The other sign that tells me that there's something really kind of askew here comes from an old teacher of mine. This teacher, Warren Senders, specialized in jazz and Indian classical music and taught methods for creating musical instruments out of just about anything and music from just about any idea for any purpose you might have. He often worked with classical players who couldn't understand that the music could be imprecise, their own, free from the restrictions of the notation, and so on. Some got angry and left, some underwent a reverie and found new life in their art, and one or two gave up classical music altogether. The analogy of classical music as an invisible cage for these players is apt. But where does this cage come from? It points, I think, to a sociology at least as deep and far more institutionalized than that which surrounds hiphop.
posted by kaibutsu at 2:45 AM on April 25, 2003
If there is a cage, it is one of their own devising and not one forced on them by the music. I really like indian classical music and LOVE jazz. Both approach the sophistication of Western classical music, Indian music may even achieve it. But I would argue that both can be just as "limiting," if you can call it that, as classical.
In Indian classical music, what you can play on your instrument (not to mention what instrument you can play!) is extremely confined. You are not only limited to the notes of the raga (which can be a few as five, I believe), but the form also requires to you start very slow and gradually get more frenzied throughout the raga. I believe there are also restrictions on when you can move on to new harmonic ideas (the equivalent of changing keys in western music), although I'm not sure how flexible that aspect might be.
And of course in traditional jazz, you have strong stylistic constraints if you want what you're playing to sound like jazz. It's got to swing and it's generally going to fall into one of a small category of forms (blues, rhythm changes, modal, etc). Sure, there is the whole element of improvisation, but jazz improv, is at its heart, an extremely intellecual endevour, although of course good jazz players (and good classical players) put a lot of heart into their performances as well.

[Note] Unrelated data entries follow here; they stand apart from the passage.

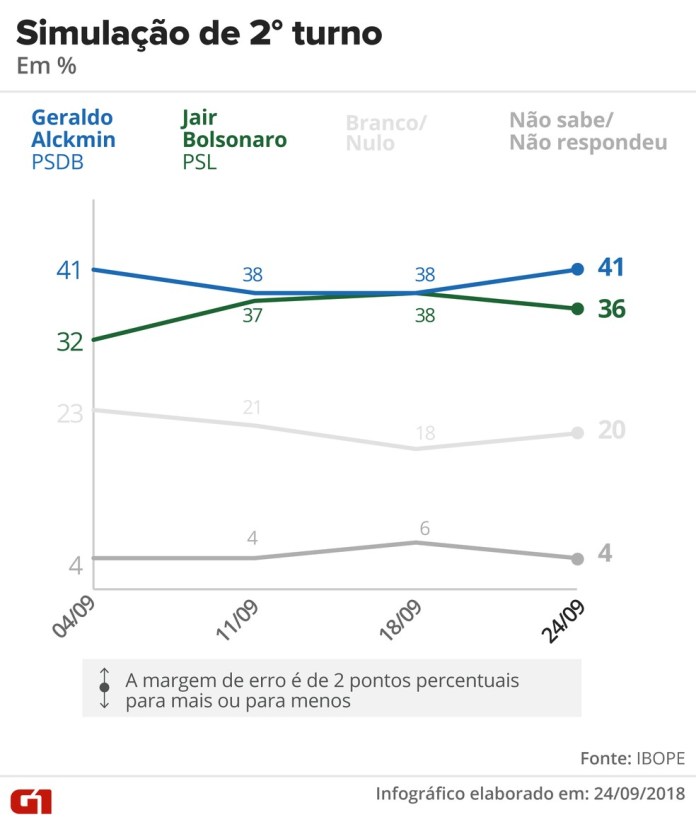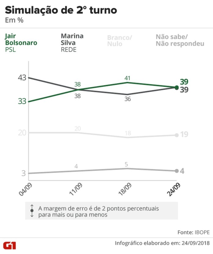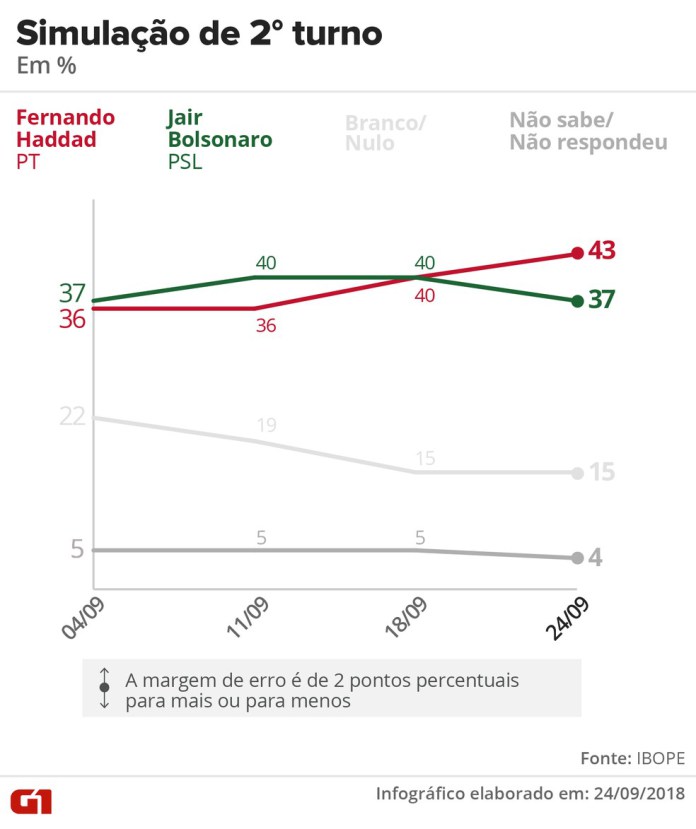Os indecisos foram de 7% para 6% e os brancos ou nulos, de 14% para 12%.
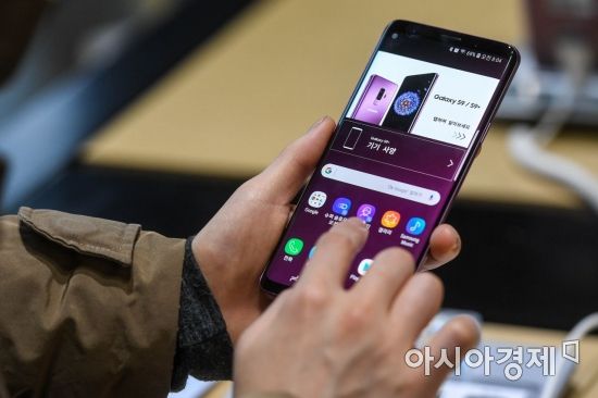9일 서울 종로구 광화문 KT스퀘어에서 열린 '삼성 갤럭시 S9 런칭행사'에서 고객들이 갤럭시 S9을 체험하고 있다./강진형 기자aymsdream@
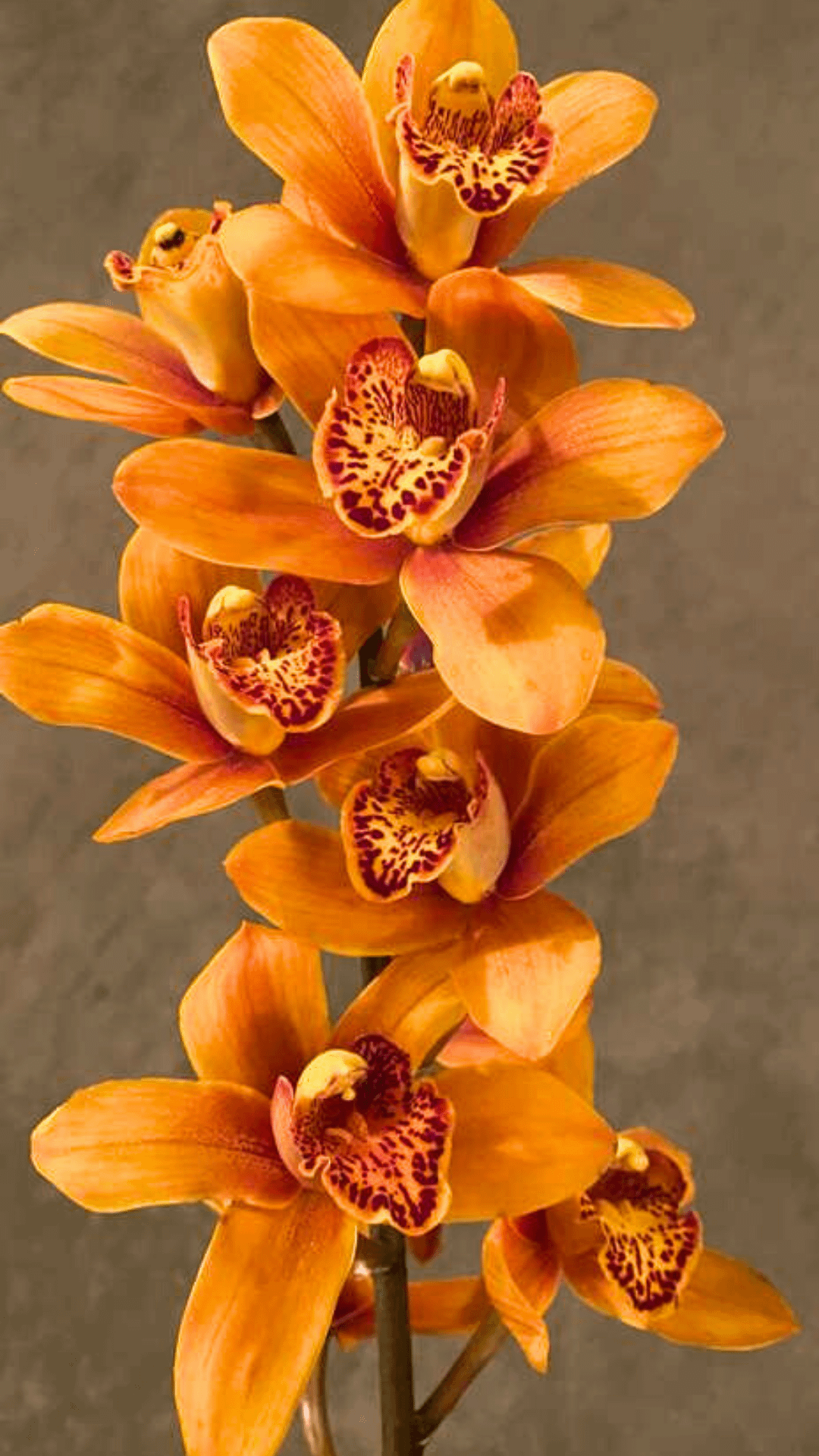 新たなスタートのために、切りたてのシンビジウムの茎を使いました。今日の気分はピンクとオレンジどちらですか?
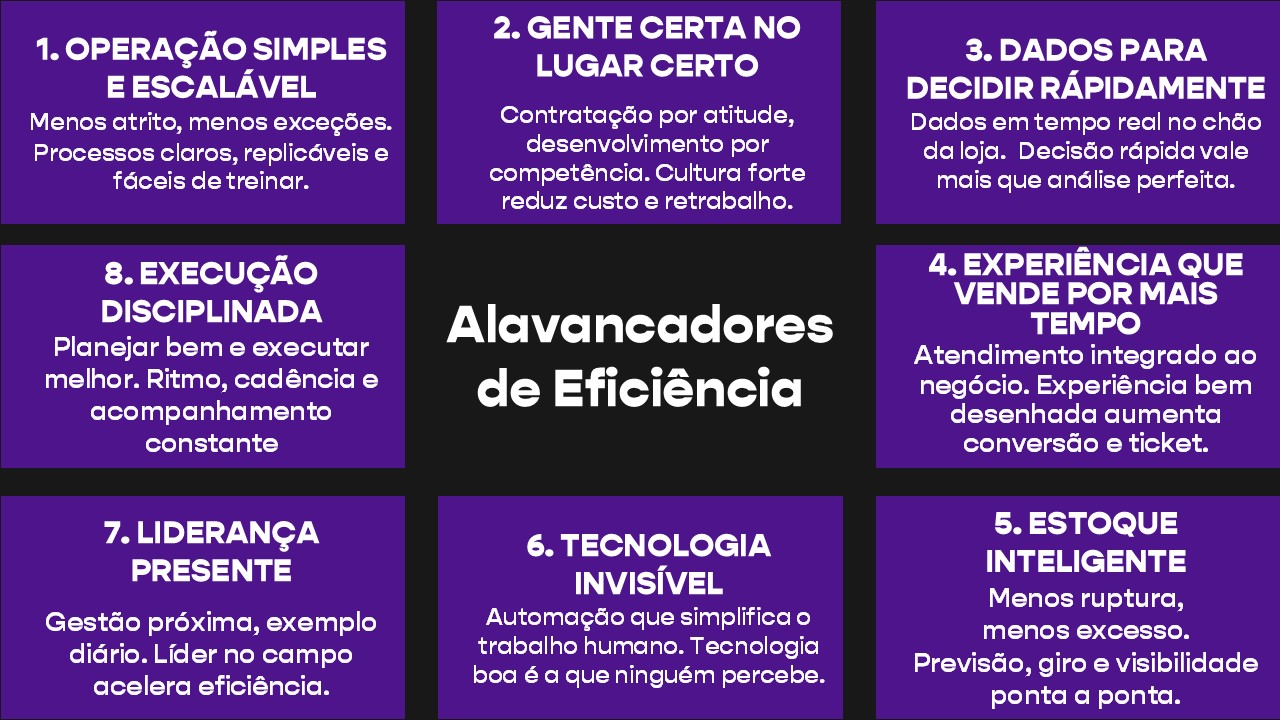 Eficiência é o alicerce de coragem para a marca. Garantir os melhores custos e a melhor operação garante que a marca não se sinta ameaçada e se libere para inovar. Sem eficiência, o medo paralisa o varejo e é assim que as marcas caminham para a derrocada.
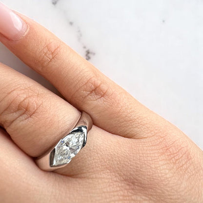 Marquise Cut Modern Moissanite Ring [Rhodium Plated] - Unisex

You do have really advanced and complex stuff like Ellington and Mingus, or, on the avant garde side, Anthony Braxton or Cecil Taylor who tend to avoid the typical forms, but once jazz is at this level of complexiy it is little different than classical music, only to swings a lot harder and people get up and improvise solos. In fact, Ellington even wrote some fairly significant classical music.
As for the sociology side, I guess, to be blunt, I just don't care. If it's good music its good music. The fact that some players can't appreciate any music that isn't composed by guys in powdered wigs doesn't mean that classical music is to blame for their myopia--in fact most classical musicians I know are insatiably curious about all kinds of music, particularly jazz and world music. The fact that some people go to see it for the wrong reasons, while sad, doesn't alter the fact that its amazing and beautiful music. Same goes for jazz, which also has its share of snobbery. Although I will say that the culture of classical music (and jazz to a lesser extent) does worry me a great deal in terms of the future of the music. Audiences tend to be extremely closed to new music, and only want to hear Beethoven and Mozart. This is bad of course, but surely doesn't mean that Beethoven and Mozart aren't worth listening to.
posted by boltman at 9:37 AM on April 25, 2003
In Indian classical music, what you can play on your instrument (not to mention what instrument you can play!) is extremely confined. You are not only limited to the notes of the raga (which can be a few as five, I believe), but the form also requires to you start very slow and gradually get more frenzied throughout the raga. I believe there are also restrictions on when you can move on to new harmonic ideas (the equivalent of changing keys in western music), although I'm not sure how flexible that aspect might be.
And of course in traditional jazz, you have strong stylistic constraints if you want what you're playing to sound like jazz. It's got to swing and it's generally going to fall into one of a small category of forms (blues, rhythm changes, modal, etc). Sure, there is the whole element of improvisation, but jazz improv, is at its heart, an extremely intellecual endevour, although of course good jazz players (and good classical players) put a lot of heart into their performances as well.
You do have really advanced and complex stuff like Ellington and Mingus, or, on the avant garde side, Anthony Braxton or Cecil Taylor who tend to avoid the typical forms, but once jazz is at this level of complexiy it is little different than classical music, only to swings a lot harder and people get up and improvise solos. In fact, Ellington even wrote some fairly significant classical music.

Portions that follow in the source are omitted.